Sunday, April 13, 2014

Rhubarb and Rebirth

I love rhubarb pie. I came to this love later than most food loves. My mother in law introduced rhubarb pie to me. While I was looking through a gardening nursery catalog last spring I saw a deal for asparagus and rhubarb crowns that I just couldn't pass up. I'm a bit of a sucker for sales and specials! So last spring I planted two rhubarb crowns.

One problem I have is that in my excitement in my home projects I don't thoroughly read the instructions. The one piece I missed was to find a place that has a little bit of shade. I did read it last fall after it looked like the hot summer sun had seemingly
killed off my two rhubarb plants. To see what was happening I reread the planting instructions and saw that nugget of wisdom to not plant it in too sunny of a spot. Oops.

I didn't give up completely on them. I try to hold onto hope in regards to my garden. It's really all I have! So I kept the areas that encircled what used to be my rhubarb plants clear of weeds, and even dropped a bit of compost on them. To my great surprise (and joy) one of them came up. .500 would be a record setting average in baseball even though my friends who are into baseball stats would remind me that it is an extremely small sample size.

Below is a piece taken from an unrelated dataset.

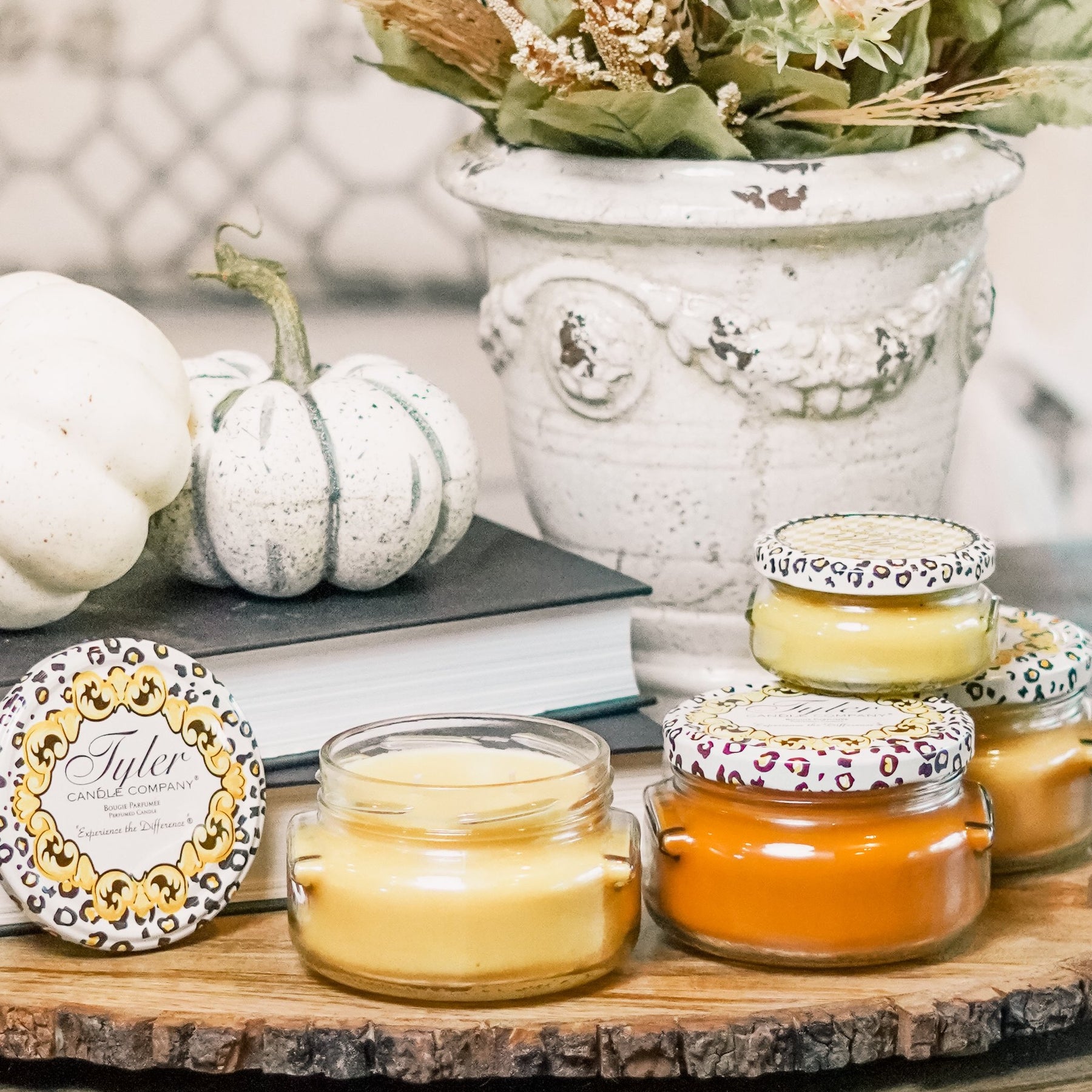 Say hello to fall with the Tyler Candle Company. Their unique blend of soy and paraffin wax has produced one of the finest scented candles on the market. Tyler uses the finest quality waxes and opulent fragrance oils available to create the ultimate aroma experience. Each candle is hand-poured, ensuring even burning and maximum fragrance saturation. All jars are guaranteed to fragrance a room in minutes!

The next weekend I went out to what I expected was the grave of the second rhubarb plant. In tow was a bag of grass seed, my bucket with compost and a handful of straw. As I knelt down to roll the stone in front of it's tomb I saw a rhubarb leaf sticking out of the ground. This is silly to write, but you can't imagine the joy that filled my heart as I offered up some of my compost to the ground that produced this little miracle.

Wednesday, April 2, 2014

Filling Shoes

After my dad’s funeral my brother, my brother in law and I were clearing out my dad’s closet. We were looking to see if one of us or someone else we knew could use or fit into some of his clothing or shoes. My brother in law made the statement that none of us could fill his father in law’s shoes. He was absolutely correct.

During the few weeks after the passing of my dad I heard lots of comments about how much I am like him. In many ways I took the comments about me being like my dad as they were intended, as compliments. However, a part of me winced at these statements.

I felt like my dad spent a lot of time and energy trying to live up to his father. His dad pushed him to be like him and in many ways you could sense the disappointment my grandpa felt towards dad, or maybe I was sensing my dad’s own feeling of him disappointing my grandpa.

When my grandfather died I felt like my dad had a lot of heartbreak, hurt and mixed feelings to deal with. In looking at the choices my dad made it was obvious that the way he choose to be a father was to spend time with his kids and wife. He took us fishing. We went on vacations all over the US. All four of us had him as a soccer or basketball coach at one time in our short-lived athletic careers. His presence was always felt at our activities. Mom and him even went so far as to attend most of the freshman and sophomore level basketball games that I kept statistics for. I’m sure that they were cheering me on with “excellent writing of that three point play there Tim!” or “way to get the whole floor clean with that dust mop during halftime!”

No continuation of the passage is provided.